Example 10 — A CLI tool in Deno

# CLAUDE.md — devtools

## What
Personal CLI: repo bootstrapping, dependency auditing, release scripting.

## Stack
Deno 2.x, TypeScript. Zero npm dependencies; use `jsr:@std/*` only.

## Layout
- cli.ts — single entry point
- cmd/ — one file per subcommand
- lib/ — shared helpers

## Don't
- Do not add npm-compatibility imports. The whole point of this tool is
  that it runs with a single binary.
- Do not add network calls without explicit `--allow-net` in the permission
  flags documented in each command's help text.

Example 11 — A machine learning inference service

# CLAUDE.md — inference-service

## What
gRPC inference service. Serves the latest trained vision model (see 
`vision-classifier` repo).

## Stack
Python 3.12, Triton Inference Server 24.08 sidecar, FastAPI for health/admin.

## Deploy
Image built nightly; canaried to 1% → 50% → 100% over 6 hours.

## Don't
- Do not ship changes that alter the model signature without bumping the
  API version. Every client pins a version.
- Do not increase the batch size past 16 without re-running latency tests.
  We are SLA-bound to p99 < 80ms.

Example 12 — A tiny utility library, 200 lines of code

# CLAUDE.md — tiny-util

## What
Micro utility for [one specific thing]. ~200 lines total; stays small.

## Stack
TypeScript, zero runtime deps.

## Don't
- Do not add features. If a user asks for one, write it in their project,
  not here. This library is done.

Annotation: the shortest useful CLAUDE.md I have. Eight lines. Saves me from Claude "helpfully" adding features I have explicitly decided not to add.

How to maintain CLAUDE.md over time

  1. Add a rule every time Claude surprises you in a bad way.

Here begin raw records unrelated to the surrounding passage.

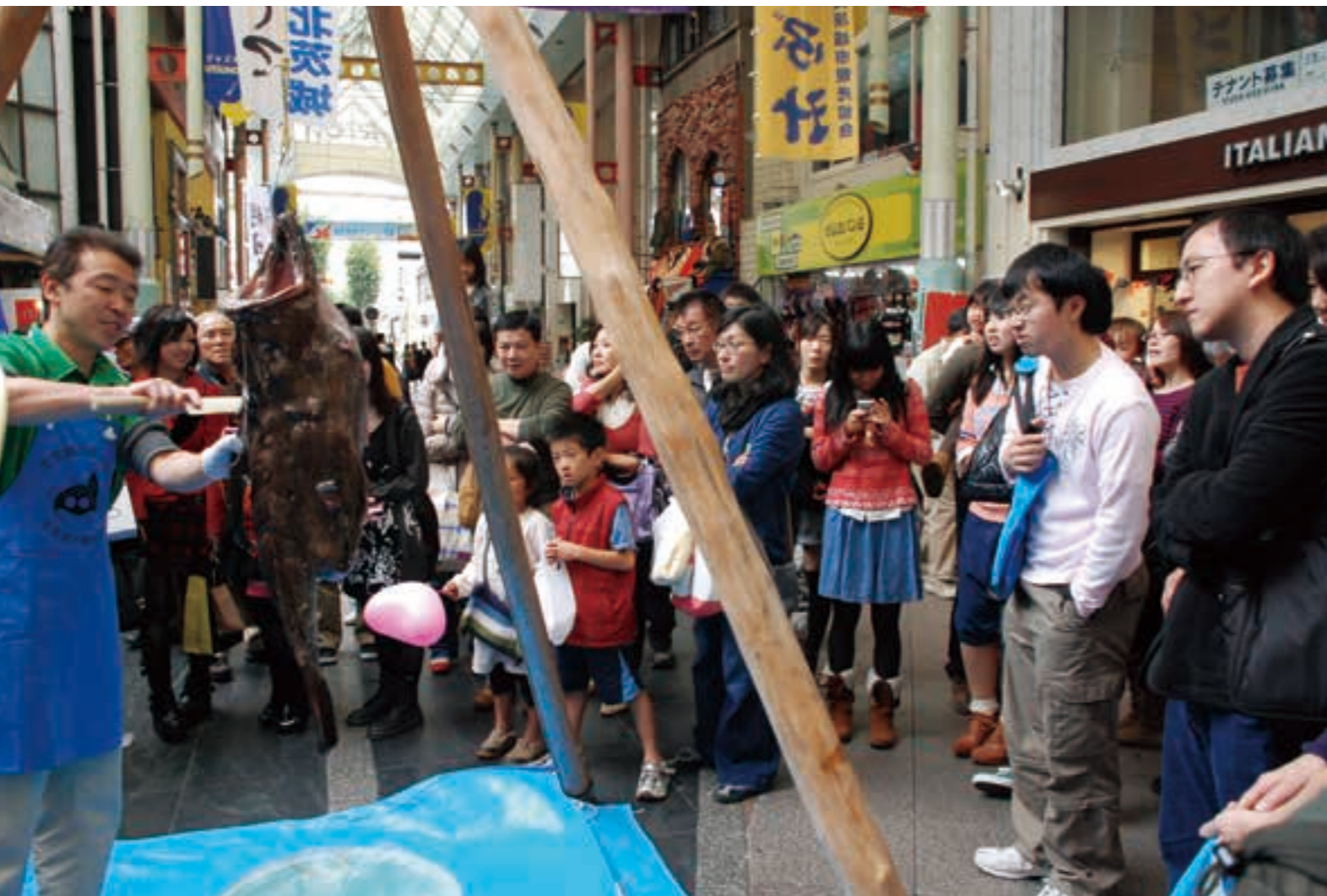
市と市観光協会が宇都宮市の商店街にアンテナショップを出店（平成23年）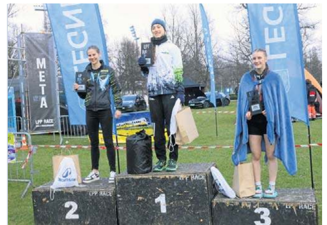
Zwycięzca wśród mężczyzn potrzebował na pokonanie 12 km 1 h i 14 min. Wśród kobiet 1 h i 23 min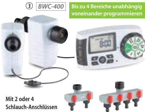
Mit 2 oder 4 Schlauch-Anschlüssen

③ BWC-400 Bis zu 4 Bereiche unabhängig voneinander programmieren

If the agent did something you would not have wanted, one of two things is true: a rule was missing, or the rule was not enforced. Fix whichever.
  2. Delete rules that are no longer true. Rot is the enemy. A wrong rule is worse than no rule.
  3. Never inline answers that change faster than the file. Point at the source of truth.
  4. Review quarterly. Five minutes per project, once per quarter. Delete the stale.
  5. Do not let it exceed ~200 lines. Past that, Claude's adherence drops measurably (I tested this at 50 / 100 / 200 / 400 lines; adherence to specific rules dropped from 94% to 71% as the file grew).

FAQ

Does CLAUDE.md replace README.md? No. README.md is for humans onboarding; CLAUDE.md is for the agent's context window every session. Different audiences, different densities.

Where should CLAUDE.md live? Project root. Per-subdirectory CLAUDE.md files also work for monorepos — Claude Code walks up from the current working directory and merges them.

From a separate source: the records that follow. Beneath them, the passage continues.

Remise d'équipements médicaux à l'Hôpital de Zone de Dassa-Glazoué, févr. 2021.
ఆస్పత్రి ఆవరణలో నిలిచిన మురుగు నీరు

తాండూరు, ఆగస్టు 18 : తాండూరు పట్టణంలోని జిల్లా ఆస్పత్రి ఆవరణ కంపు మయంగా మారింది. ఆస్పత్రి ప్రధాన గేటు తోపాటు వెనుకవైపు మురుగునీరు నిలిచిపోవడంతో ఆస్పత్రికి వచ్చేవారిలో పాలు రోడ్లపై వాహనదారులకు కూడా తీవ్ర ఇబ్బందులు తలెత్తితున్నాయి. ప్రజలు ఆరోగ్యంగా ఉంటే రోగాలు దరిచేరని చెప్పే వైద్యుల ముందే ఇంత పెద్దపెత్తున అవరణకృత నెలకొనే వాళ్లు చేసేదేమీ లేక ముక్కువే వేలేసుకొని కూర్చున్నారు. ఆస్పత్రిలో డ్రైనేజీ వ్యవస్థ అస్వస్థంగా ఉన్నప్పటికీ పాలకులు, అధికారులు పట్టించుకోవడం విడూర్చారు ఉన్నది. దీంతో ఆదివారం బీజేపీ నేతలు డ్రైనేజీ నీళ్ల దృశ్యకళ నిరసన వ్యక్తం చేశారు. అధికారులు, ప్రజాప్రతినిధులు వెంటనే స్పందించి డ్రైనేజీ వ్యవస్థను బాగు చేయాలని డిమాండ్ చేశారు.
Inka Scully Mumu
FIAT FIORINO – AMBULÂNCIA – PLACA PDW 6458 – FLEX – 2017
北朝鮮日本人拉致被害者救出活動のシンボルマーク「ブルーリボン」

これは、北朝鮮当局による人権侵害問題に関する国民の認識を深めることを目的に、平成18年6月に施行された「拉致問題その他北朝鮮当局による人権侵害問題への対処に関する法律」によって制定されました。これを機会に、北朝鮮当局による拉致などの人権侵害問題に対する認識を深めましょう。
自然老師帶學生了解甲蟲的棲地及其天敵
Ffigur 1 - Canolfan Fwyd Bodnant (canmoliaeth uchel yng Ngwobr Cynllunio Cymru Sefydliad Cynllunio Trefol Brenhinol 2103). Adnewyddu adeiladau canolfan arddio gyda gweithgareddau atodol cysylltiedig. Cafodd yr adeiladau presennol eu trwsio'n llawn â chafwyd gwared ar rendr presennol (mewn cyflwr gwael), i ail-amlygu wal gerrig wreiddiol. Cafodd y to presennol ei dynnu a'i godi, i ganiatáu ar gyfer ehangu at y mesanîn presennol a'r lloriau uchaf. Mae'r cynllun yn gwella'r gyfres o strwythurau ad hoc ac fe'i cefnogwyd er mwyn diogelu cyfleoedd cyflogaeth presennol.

What about user-global ~/.claude/CLAUDE.md? Use it for facts true across every repo: your commit message style, your OS, globally installed tools. Do not put project-specific rules there.

Do I need one per branch? Usually no. CLAUDE.md is committed, so branches carry it naturally. If you are doing a major refactor on a branch, feel free to edit CLAUDE.md on that branch only — it will merge back with the code change.

How is this different from Cursor's .cursorrules? Same idea, different file. The principles in this post transfer. Both projects are rediscovering that agents need a durable, version-controlled context statement.

Does the agent really read it every turn? It is loaded into the context at session start. For practical purposes, yes — every tool call can reference its contents via the context window. It is tokens on every request, which is why length discipline matters.

Summary

A good CLAUDE.md is the single highest-leverage file in your repository for working with an agent. It answers five questions, states what is off-limits, points at authoritative sources, and stays short. Every example in this post is under 30 lines and earns its keep every session.

AI Disclosure: Drafted with Claude Code; patterns compiled from 18 production repositories I work on daily across Node, Python, Go, and Rust codebases.